Material for this task section start

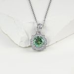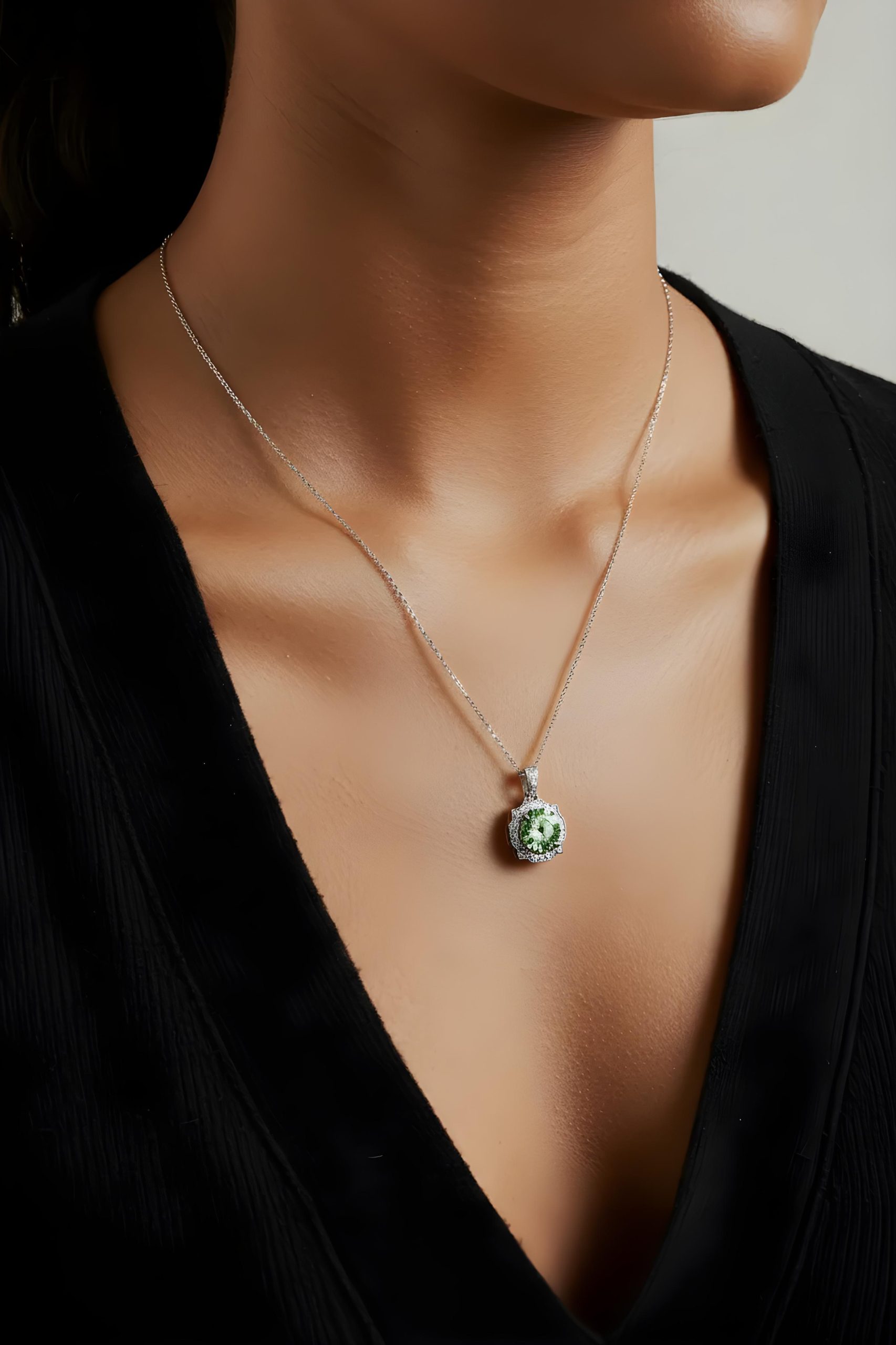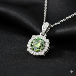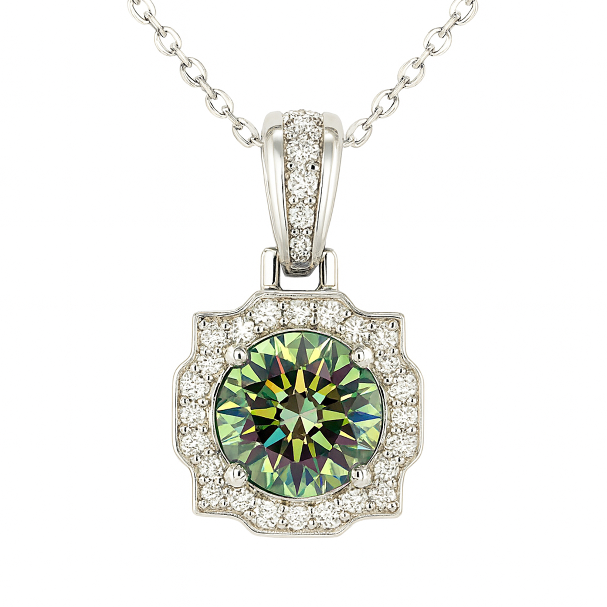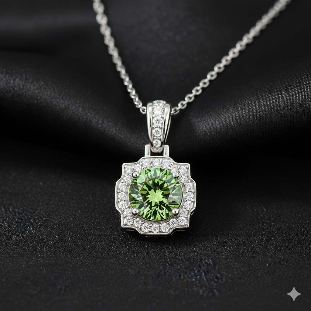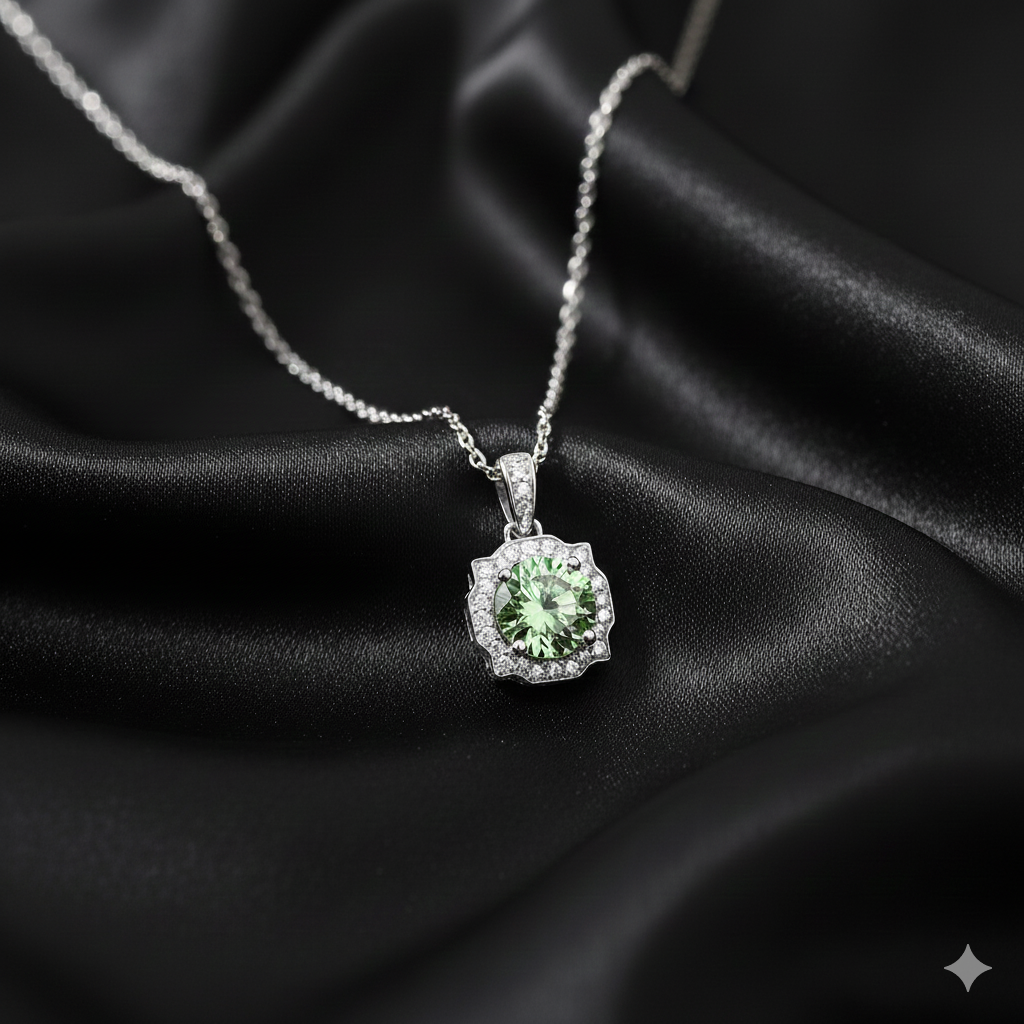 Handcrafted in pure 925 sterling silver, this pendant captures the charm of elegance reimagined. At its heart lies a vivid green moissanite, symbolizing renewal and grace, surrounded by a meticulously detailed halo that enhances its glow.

Material for this task section end
Material for this task section start

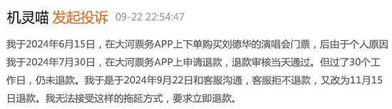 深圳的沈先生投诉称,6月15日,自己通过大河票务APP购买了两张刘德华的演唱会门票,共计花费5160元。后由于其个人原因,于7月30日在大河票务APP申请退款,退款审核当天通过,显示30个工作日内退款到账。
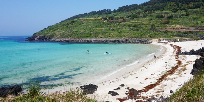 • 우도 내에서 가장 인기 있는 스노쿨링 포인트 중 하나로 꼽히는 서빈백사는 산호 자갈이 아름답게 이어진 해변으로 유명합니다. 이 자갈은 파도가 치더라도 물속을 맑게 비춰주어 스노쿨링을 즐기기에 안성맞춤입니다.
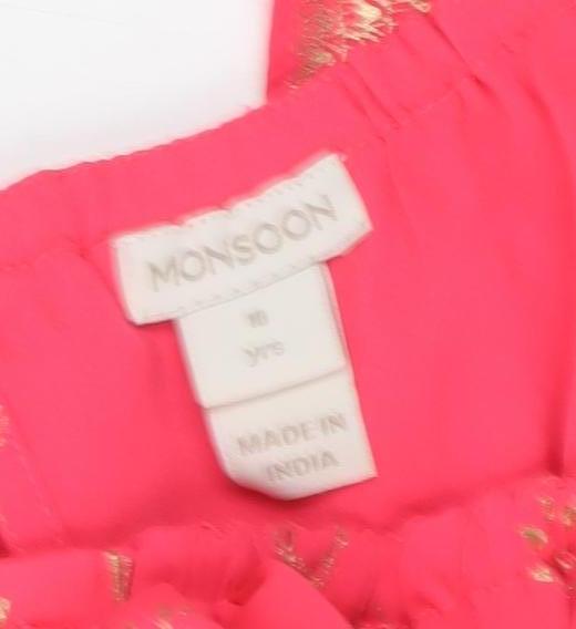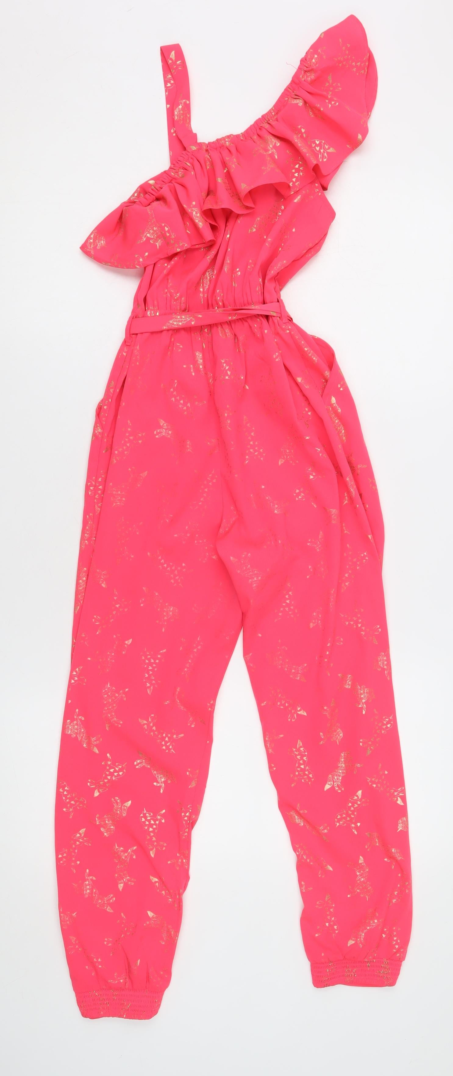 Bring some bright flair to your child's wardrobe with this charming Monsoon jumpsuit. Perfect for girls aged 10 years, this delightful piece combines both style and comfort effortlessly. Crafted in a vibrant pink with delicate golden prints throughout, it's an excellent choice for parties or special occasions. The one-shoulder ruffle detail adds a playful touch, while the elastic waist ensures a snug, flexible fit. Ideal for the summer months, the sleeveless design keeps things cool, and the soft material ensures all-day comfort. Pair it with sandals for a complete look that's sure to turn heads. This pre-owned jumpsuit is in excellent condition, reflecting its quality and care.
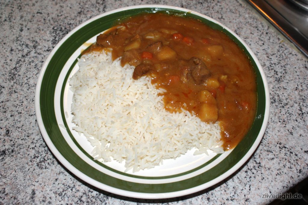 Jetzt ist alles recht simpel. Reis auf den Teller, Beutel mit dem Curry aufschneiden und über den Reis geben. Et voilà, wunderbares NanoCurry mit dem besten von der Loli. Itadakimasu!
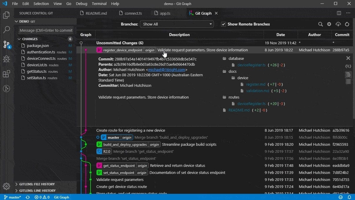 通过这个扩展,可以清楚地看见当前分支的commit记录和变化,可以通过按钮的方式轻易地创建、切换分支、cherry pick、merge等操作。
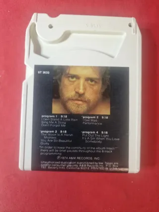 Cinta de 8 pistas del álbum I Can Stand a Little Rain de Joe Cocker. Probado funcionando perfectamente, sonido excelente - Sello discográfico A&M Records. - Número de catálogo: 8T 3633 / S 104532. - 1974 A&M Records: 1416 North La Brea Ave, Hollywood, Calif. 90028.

Material for this task section end

What is expected:
Look above for the line with "Jetzt ist alles" and the line with "通过这个扩展,可以清楚地看见", then copy exactly the lines from the first through the second, both kept, with no pictures.

Solution to this problem:
 Jetzt ist alles recht simpel. Reis auf den Teller, Beutel mit dem Curry aufschneiden und über den Reis geben. Et voilà, wunderbares NanoCurry mit dem besten von der Loli. Itadakimasu!
 通过这个扩展,可以清楚地看见当前分支的commit记录和变化,可以通过按钮的方式轻易地创建、切换分支、cherry pick、merge等操作。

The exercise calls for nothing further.